Bareskrim Jadwalkan Mediasi Lisa Mariana dan Ridwan Kamil Pekan Ini

news.fin.co.id - 15/09/2025, 15:02 WIB

Bareskrim Jadwalkan Mediasi Lisa Mariana dan Ridwan Kamil Pekan Ini

Selebgram Lisa Mariana menjalani pemeriksaan penyidik Komisi Pemberantasan Korupsi (KPK) selama sekitar lima jam. Foto: Ayu Novita

Ketika ditanya mengenai kemungkinan tes DNA ulang yang sempat ramai diperbincangkan, Lisa menyebut hal tersebut masih sebatas second opinion.

Menanggapi hal itu, Jhon menambahkan bahwa pihaknya telah menyerahkan dokumen resmi kepada Bareskrim.

"Nanti akan di-update lagi, karena kemarin sudah kami sampaikan dan sudah ada surat jawaban dari Bareskrim sendiri. Jadi nanti kami informasikan lebih lanjut," ucapnya.

Hingga saat ini, pemeriksaan terhadap Lisa Mariana masih berlangsung di Bareskrim Polri.

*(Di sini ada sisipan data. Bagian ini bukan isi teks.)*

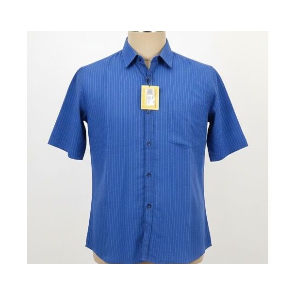 A royal blue shirt with subtle vertical stripes, short sleeves, and a classic collar. Perfect for a casual yet refined look.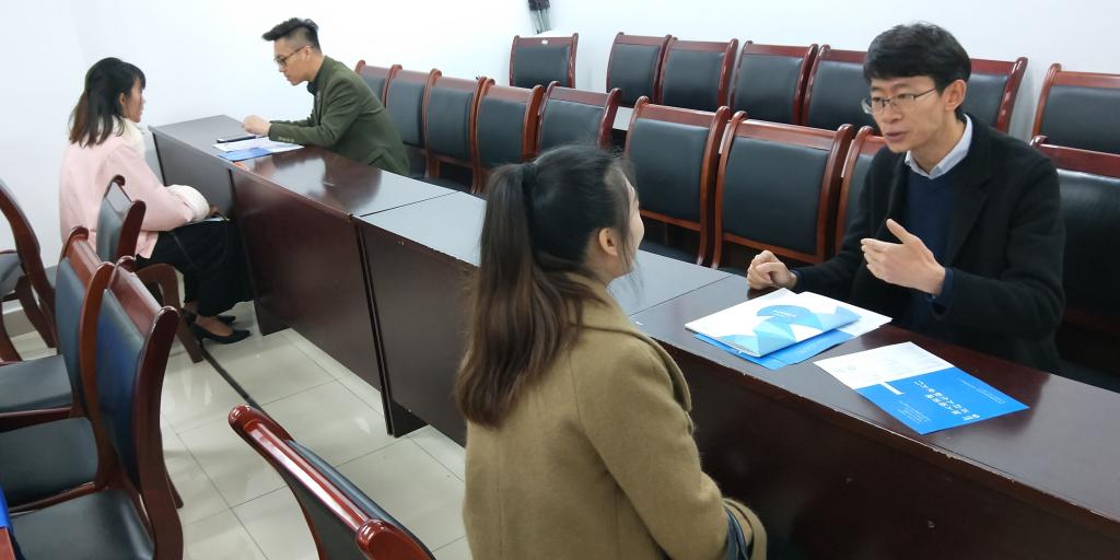 格诺威(中国)咨询公司是一家致力于学习产品设计和培训技术开发的专业技术型咨询机构,为企业提供全价值链的学习项目设计与实施服务,该公司岗位需求与公司国际经济与贸易、贸易经济、经济学、市场营销等专业比较对口。首先,格诺威(中国)咨询公司工作人员放映的宣传片,展示了公司高瞻远瞩、明察秋毫、行动力强、独立作战的鹰文化,以一体两翼(学习技术开发为体、领导力发展和业务提升为翼)为产品系列。随后格诺威工作人员介绍了公司的规章制度、组织结构、工作理念、招聘岗位以及员工成长平台,并为现场的同学们解答疑问。最后,格诺威(中国)咨询工作人员组织了现场面试,员工崔连杰与有意愿深层次了解的同学进行了单独的讲解和探讨。

Pihaknya berjanji akan menyampaikan perkembangan terbaru usai proses selesai.

Advertisement

Diketahui Direktorat Tindak Pidana Siber Bareskrim Polri resmi mengumumkan hasil tes DNA terkait laporan dugaan manipulasi informasi dan pencemaran nama baik yang melibatkan inisial RK dan LM. 

Hasil pemeriksaan DNA yang diserahkan Biro Laboratorium Dokes Pusdokkes Polri pada Rabu (20/8/2025) memastikan bahwa RK tidak memiliki hubungan biologis dengan anak LM berinisial CA.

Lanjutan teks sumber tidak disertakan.